#### [THE TASK]
Down to the last line, restate the records below word for word, dropping every image.

:: INPUT FOR THIS TASK

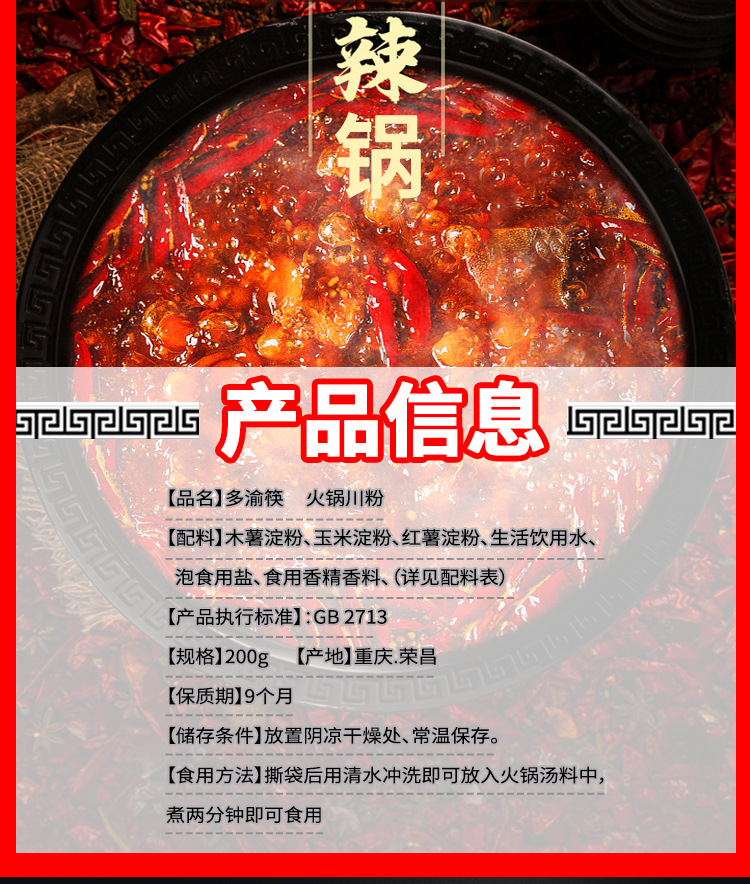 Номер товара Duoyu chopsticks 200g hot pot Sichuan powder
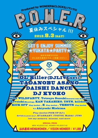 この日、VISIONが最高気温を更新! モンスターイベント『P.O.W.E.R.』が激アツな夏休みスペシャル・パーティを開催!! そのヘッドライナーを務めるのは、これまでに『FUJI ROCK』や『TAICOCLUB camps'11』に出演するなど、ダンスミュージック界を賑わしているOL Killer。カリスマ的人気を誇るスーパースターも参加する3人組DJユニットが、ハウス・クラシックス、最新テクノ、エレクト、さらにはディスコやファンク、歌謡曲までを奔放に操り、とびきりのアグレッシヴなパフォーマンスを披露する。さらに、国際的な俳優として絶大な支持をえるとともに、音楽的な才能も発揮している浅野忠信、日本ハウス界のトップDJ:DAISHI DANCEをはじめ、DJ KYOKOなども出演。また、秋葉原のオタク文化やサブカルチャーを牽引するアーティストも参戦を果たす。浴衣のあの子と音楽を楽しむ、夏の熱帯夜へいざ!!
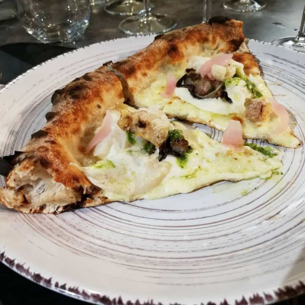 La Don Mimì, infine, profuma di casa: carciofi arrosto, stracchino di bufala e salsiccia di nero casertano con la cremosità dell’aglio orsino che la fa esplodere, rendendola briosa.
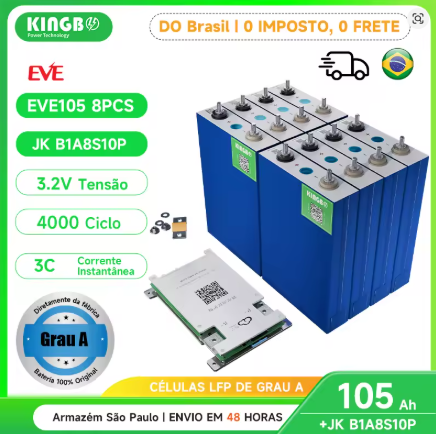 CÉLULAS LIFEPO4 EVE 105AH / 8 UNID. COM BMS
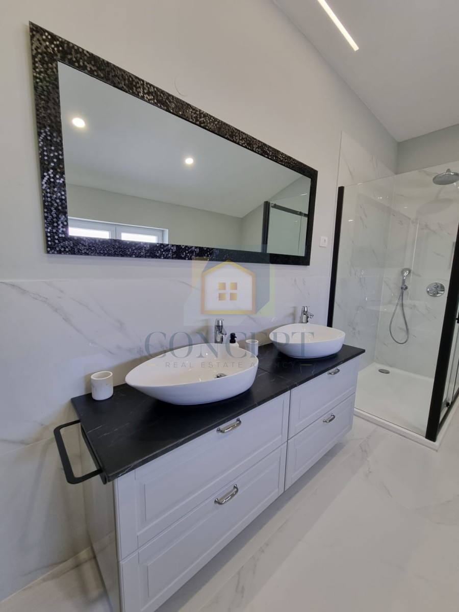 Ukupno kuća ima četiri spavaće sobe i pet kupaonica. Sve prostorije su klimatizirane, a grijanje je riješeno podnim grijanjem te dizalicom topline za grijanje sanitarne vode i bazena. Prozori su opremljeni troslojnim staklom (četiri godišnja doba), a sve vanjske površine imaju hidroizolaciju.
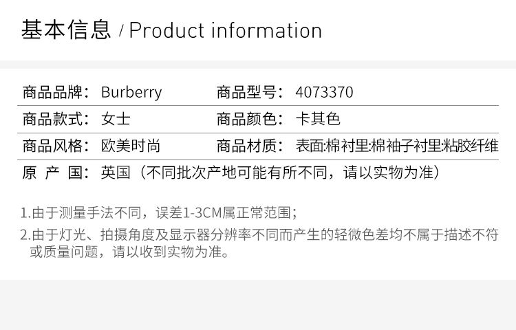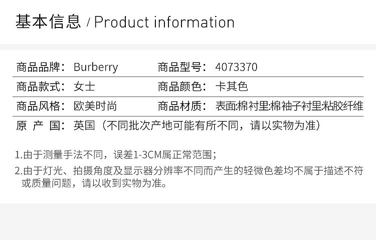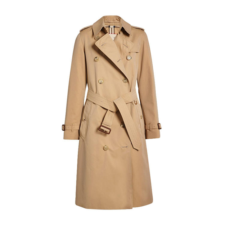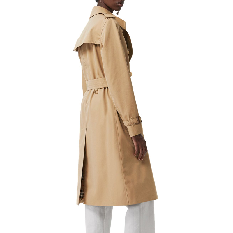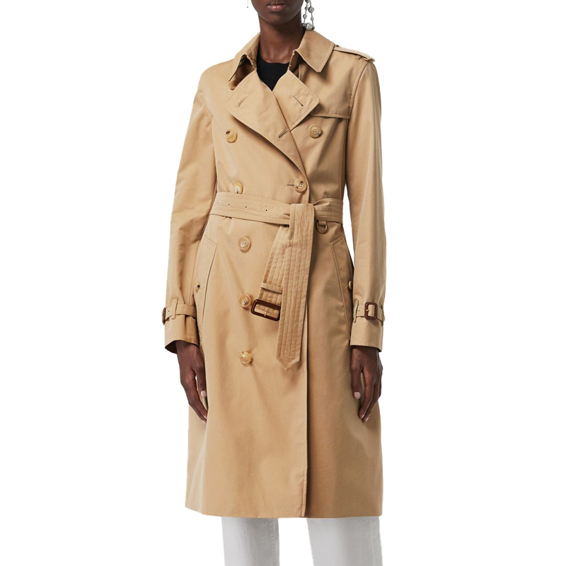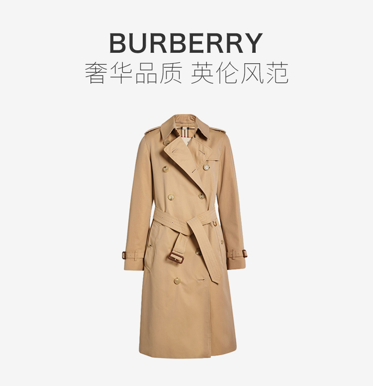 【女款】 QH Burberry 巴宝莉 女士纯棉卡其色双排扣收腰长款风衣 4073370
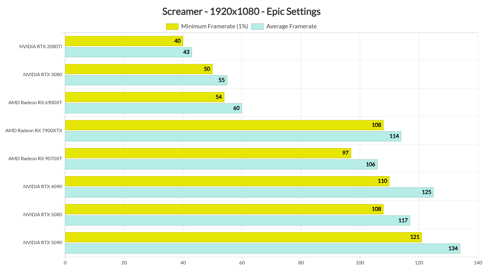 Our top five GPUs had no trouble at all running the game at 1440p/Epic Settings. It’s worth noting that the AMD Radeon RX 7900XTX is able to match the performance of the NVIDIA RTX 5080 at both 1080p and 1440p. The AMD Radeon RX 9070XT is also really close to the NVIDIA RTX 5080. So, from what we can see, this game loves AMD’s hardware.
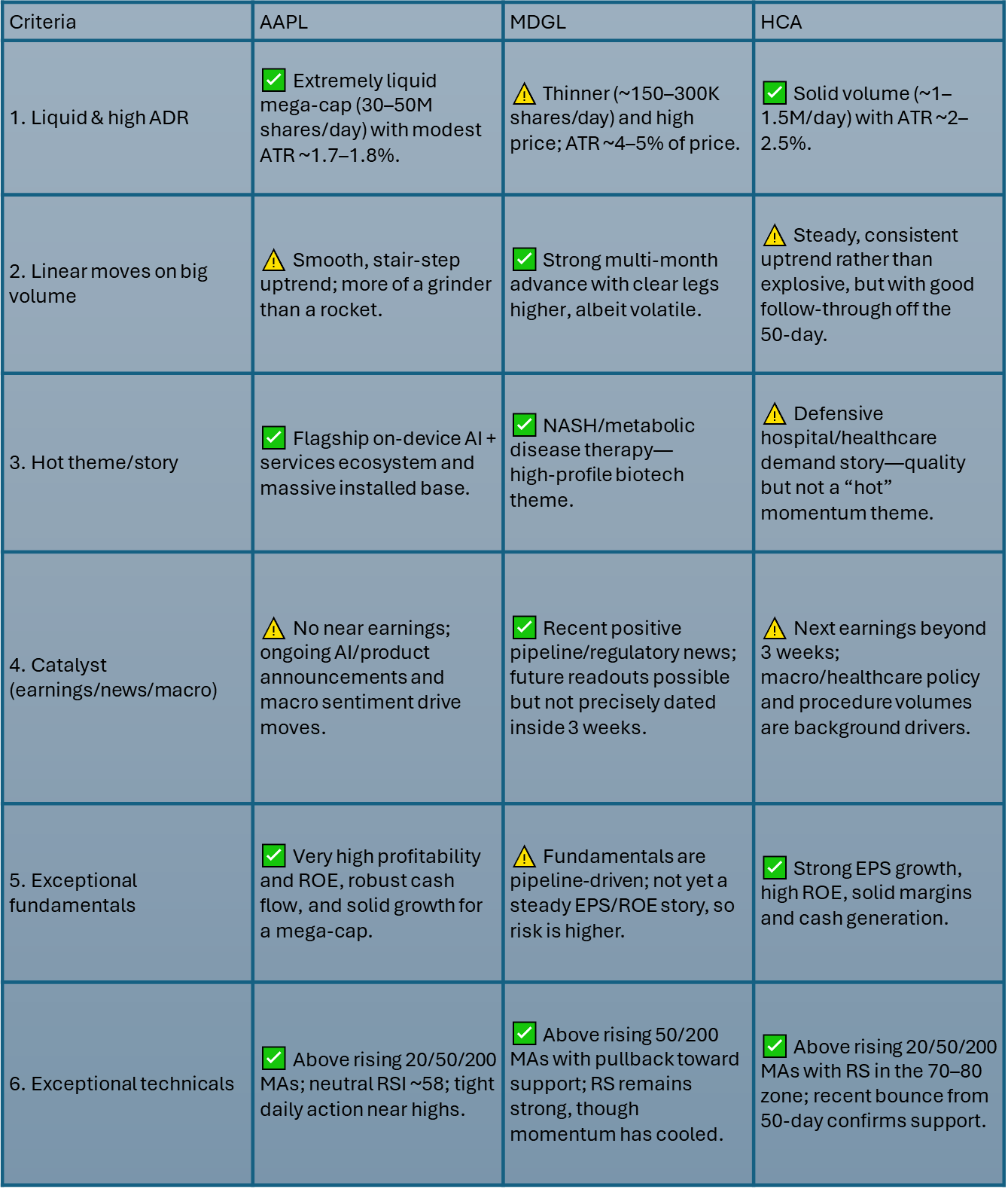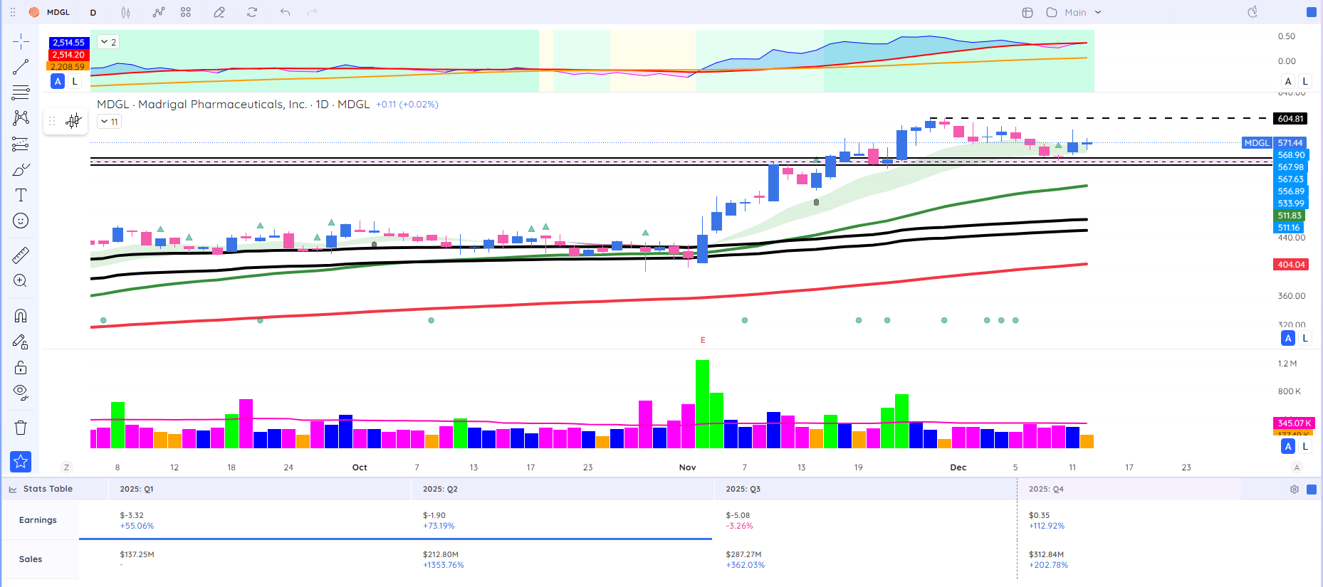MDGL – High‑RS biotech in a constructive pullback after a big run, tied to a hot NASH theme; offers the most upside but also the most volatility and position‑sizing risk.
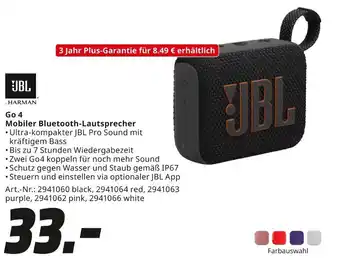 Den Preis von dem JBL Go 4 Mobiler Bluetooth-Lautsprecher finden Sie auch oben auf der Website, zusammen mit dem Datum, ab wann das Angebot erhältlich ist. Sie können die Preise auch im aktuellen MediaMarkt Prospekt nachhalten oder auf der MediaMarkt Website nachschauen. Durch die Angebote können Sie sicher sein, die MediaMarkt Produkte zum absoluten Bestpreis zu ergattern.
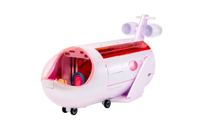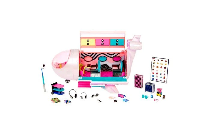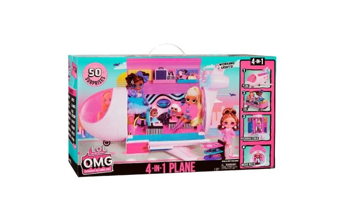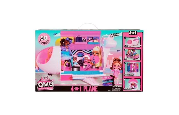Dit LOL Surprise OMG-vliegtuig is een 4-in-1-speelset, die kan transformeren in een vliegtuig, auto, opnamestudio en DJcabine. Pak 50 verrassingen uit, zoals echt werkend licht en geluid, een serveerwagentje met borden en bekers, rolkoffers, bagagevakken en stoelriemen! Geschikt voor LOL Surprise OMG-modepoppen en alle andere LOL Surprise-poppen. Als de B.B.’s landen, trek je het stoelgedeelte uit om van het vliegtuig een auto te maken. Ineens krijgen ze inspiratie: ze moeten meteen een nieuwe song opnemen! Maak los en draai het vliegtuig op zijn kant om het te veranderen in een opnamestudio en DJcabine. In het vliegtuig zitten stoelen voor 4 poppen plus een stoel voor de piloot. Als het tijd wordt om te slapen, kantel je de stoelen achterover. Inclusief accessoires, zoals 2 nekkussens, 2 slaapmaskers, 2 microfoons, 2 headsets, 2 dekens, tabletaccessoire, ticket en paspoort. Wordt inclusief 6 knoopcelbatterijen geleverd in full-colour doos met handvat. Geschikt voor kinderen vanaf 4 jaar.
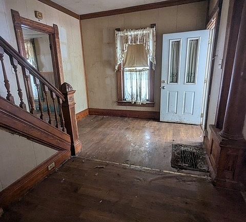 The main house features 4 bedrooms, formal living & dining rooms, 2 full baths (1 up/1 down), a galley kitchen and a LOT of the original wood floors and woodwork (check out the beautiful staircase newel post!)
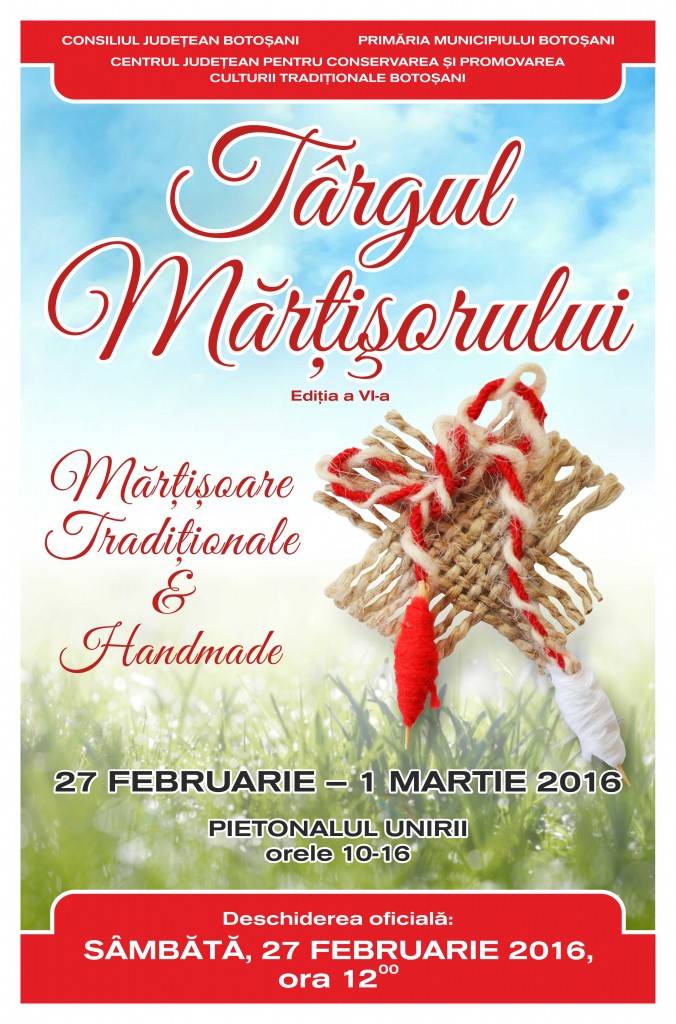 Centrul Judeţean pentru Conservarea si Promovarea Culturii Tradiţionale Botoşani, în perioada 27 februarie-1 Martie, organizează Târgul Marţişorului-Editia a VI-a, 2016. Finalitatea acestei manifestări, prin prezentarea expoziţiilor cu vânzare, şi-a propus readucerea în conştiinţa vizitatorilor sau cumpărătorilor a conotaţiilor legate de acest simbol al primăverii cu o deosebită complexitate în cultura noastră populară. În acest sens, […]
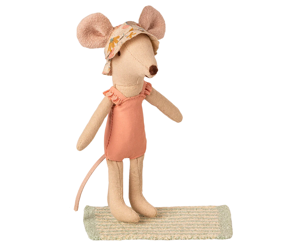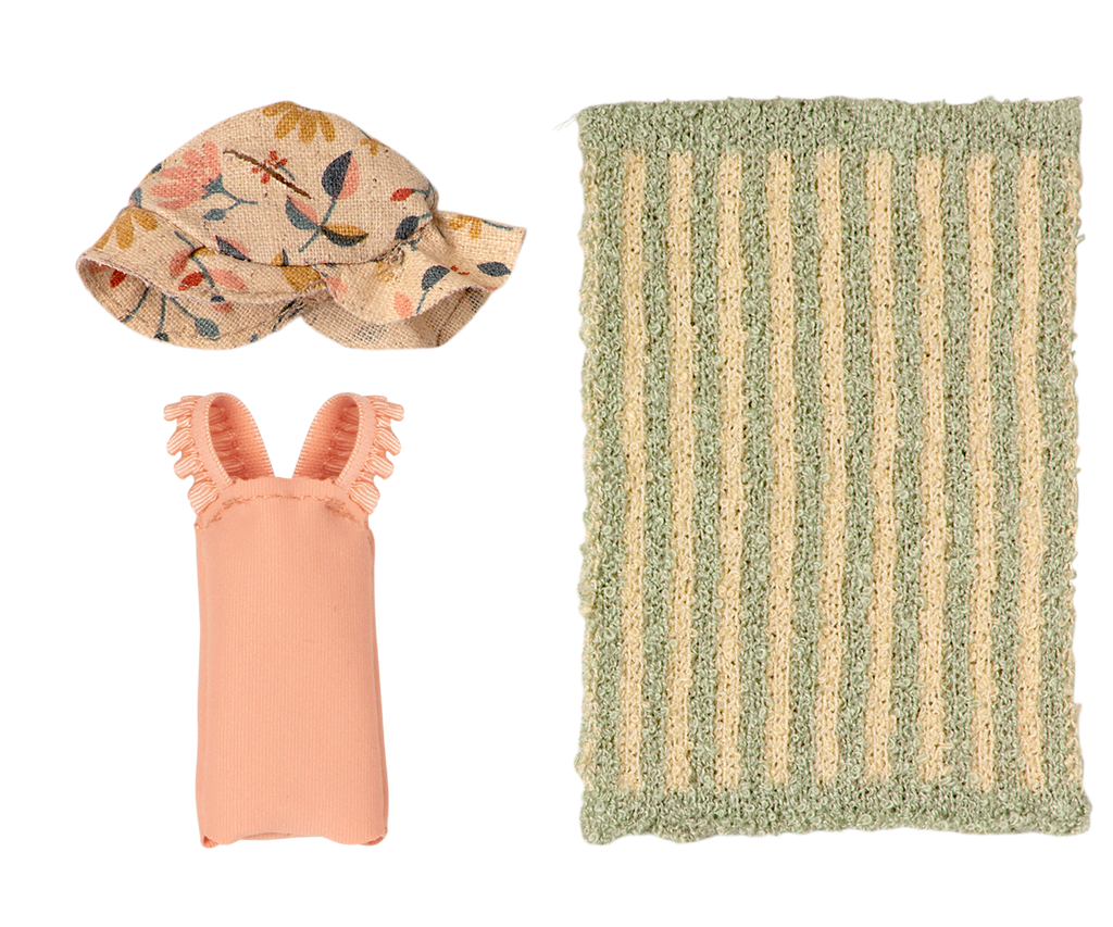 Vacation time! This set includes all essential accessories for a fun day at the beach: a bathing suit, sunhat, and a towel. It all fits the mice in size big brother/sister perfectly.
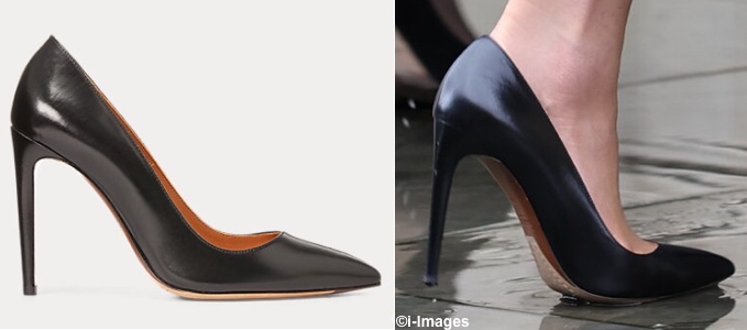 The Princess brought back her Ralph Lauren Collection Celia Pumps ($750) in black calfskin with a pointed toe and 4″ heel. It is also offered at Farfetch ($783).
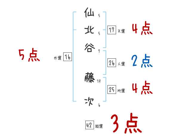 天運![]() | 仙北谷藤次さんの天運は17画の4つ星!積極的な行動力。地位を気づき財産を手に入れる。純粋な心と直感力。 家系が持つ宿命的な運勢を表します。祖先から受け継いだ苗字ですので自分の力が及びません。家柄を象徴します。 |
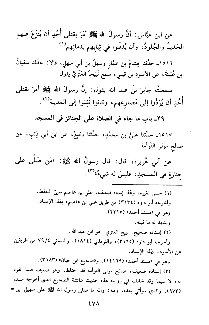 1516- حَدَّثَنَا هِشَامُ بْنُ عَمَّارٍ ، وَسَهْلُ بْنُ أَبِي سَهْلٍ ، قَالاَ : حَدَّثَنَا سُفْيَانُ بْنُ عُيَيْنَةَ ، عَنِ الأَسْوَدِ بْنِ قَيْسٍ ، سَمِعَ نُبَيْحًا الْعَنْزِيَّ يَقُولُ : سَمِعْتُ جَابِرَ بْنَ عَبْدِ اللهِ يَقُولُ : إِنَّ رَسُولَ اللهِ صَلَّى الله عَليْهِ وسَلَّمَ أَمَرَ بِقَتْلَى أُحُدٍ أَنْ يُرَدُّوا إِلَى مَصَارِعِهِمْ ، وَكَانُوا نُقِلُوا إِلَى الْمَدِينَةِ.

::::

#### [SOLUTION FOR THIS EXERCISE]
 Номер товара Duoyu chopsticks 200g hot pot Sichuan powder
 この日、VISIONが最高気温を更新! モンスターイベント『P.O.W.E.R.』が激アツな夏休みスペシャル・パーティを開催!! そのヘッドライナーを務めるのは、これまでに『FUJI ROCK』や『TAICOCLUB camps'11』に出演するなど、ダンスミュージック界を賑わしているOL Killer。カリスマ的人気を誇るスーパースターも参加する3人組DJユニットが、ハウス・クラシックス、最新テクノ、エレクト、さらにはディスコやファンク、歌謡曲までを奔放に操り、とびきりのアグレッシヴなパフォーマンスを披露する。さらに、国際的な俳優として絶大な支持をえるとともに、音楽的な才能も発揮している浅野忠信、日本ハウス界のトップDJ:DAISHI DANCEをはじめ、DJ KYOKOなども出演。また、秋葉原のオタク文化やサブカルチャーを牽引するアーティストも参戦を果たす。浴衣のあの子と音楽を楽しむ、夏の熱帯夜へいざ!!
 La Don Mimì, infine, profuma di casa: carciofi arrosto, stracchino di bufala e salsiccia di nero casertano con la cremosità dell’aglio orsino che la fa esplodere, rendendola briosa.
 CÉLULAS LIFEPO4 EVE 105AH / 8 UNID. COM BMS
 Ukupno kuća ima četiri spavaće sobe i pet kupaonica. Sve prostorije su klimatizirane, a grijanje je riješeno podnim grijanjem te dizalicom topline za grijanje sanitarne vode i bazena. Prozori su opremljeni troslojnim staklom (četiri godišnja doba), a sve vanjske površine imaju hidroizolaciju.
 【女款】 QH Burberry 巴宝莉 女士纯棉卡其色双排扣收腰长款风衣 4073370
 Our top five GPUs had no trouble at all running the game at 1440p/Epic Settings. It’s worth noting that the AMD Radeon RX 7900XTX is able to match the performance of the NVIDIA RTX 5080 at both 1080p and 1440p. The AMD Radeon RX 9070XT is also really close to the NVIDIA RTX 5080. So, from what we can see, this game loves AMD’s hardware.
MDGL – High‑RS biotech in a constructive pullback after a big run, tied to a hot NASH theme; offers the most upside but also the most volatility and position‑sizing risk.
 Den Preis von dem JBL Go 4 Mobiler Bluetooth-Lautsprecher finden Sie auch oben auf der Website, zusammen mit dem Datum, ab wann das Angebot erhältlich ist. Sie können die Preise auch im aktuellen MediaMarkt Prospekt nachhalten oder auf der MediaMarkt Website nachschauen. Durch die Angebote können Sie sicher sein, die MediaMarkt Produkte zum absoluten Bestpreis zu ergattern.
Dit LOL Surprise OMG-vliegtuig is een 4-in-1-speelset, die kan transformeren in een vliegtuig, auto, opnamestudio en DJcabine. Pak 50 verrassingen uit, zoals echt werkend licht en geluid, een serveerwagentje met borden en bekers, rolkoffers, bagagevakken en stoelriemen! Geschikt voor LOL Surprise OMG-modepoppen en alle andere LOL Surprise-poppen. Als de B.B.’s landen, trek je het stoelgedeelte uit om van het vliegtuig een auto te maken. Ineens krijgen ze inspiratie: ze moeten meteen een nieuwe song opnemen! Maak los en draai het vliegtuig op zijn kant om het te veranderen in een opnamestudio en DJcabine. In het vliegtuig zitten stoelen voor 4 poppen plus een stoel voor de piloot. Als het tijd wordt om te slapen, kantel je de stoelen achterover. Inclusief accessoires, zoals 2 nekkussens, 2 slaapmaskers, 2 microfoons, 2 headsets, 2 dekens, tabletaccessoire, ticket en paspoort. Wordt inclusief 6 knoopcelbatterijen geleverd in full-colour doos met handvat. Geschikt voor kinderen vanaf 4 jaar.
 The main house features 4 bedrooms, formal living & dining rooms, 2 full baths (1 up/1 down), a galley kitchen and a LOT of the original wood floors and woodwork (check out the beautiful staircase newel post!)
 Centrul Judeţean pentru Conservarea si Promovarea Culturii Tradiţionale Botoşani, în perioada 27 februarie-1 Martie, organizează Târgul Marţişorului-Editia a VI-a, 2016. Finalitatea acestei manifestări, prin prezentarea expoziţiilor cu vânzare, şi-a propus readucerea în conştiinţa vizitatorilor sau cumpărătorilor a conotaţiilor legate de acest simbol al primăverii cu o deosebită complexitate în cultura noastră populară. În acest sens, […]
 Vacation time! This set includes all essential accessories for a fun day at the beach: a bathing suit, sunhat, and a towel. It all fits the mice in size big brother/sister perfectly.
 The Princess brought back her Ralph Lauren Collection Celia Pumps ($750) in black calfskin with a pointed toe and 4″ heel. It is also offered at Farfetch ($783).
 天運![]() | 仙北谷藤次さんの天運は17画の4つ星!積極的な行動力。地位を気づき財産を手に入れる。純粋な心と直感力。 家系が持つ宿命的な運勢を表します。祖先から受け継いだ苗字ですので自分の力が及びません。家柄を象徴します。 |
 1516- حَدَّثَنَا هِشَامُ بْنُ عَمَّارٍ ، وَسَهْلُ بْنُ أَبِي سَهْلٍ ، قَالاَ : حَدَّثَنَا سُفْيَانُ بْنُ عُيَيْنَةَ ، عَنِ الأَسْوَدِ بْنِ قَيْسٍ ، سَمِعَ نُبَيْحًا الْعَنْزِيَّ يَقُولُ : سَمِعْتُ جَابِرَ بْنَ عَبْدِ اللهِ يَقُولُ : إِنَّ رَسُولَ اللهِ صَلَّى الله عَليْهِ وسَلَّمَ أَمَرَ بِقَتْلَى أُحُدٍ أَنْ يُرَدُّوا إِلَى مَصَارِعِهِمْ ، وَكَانُوا نُقِلُوا إِلَى الْمَدِينَةِ.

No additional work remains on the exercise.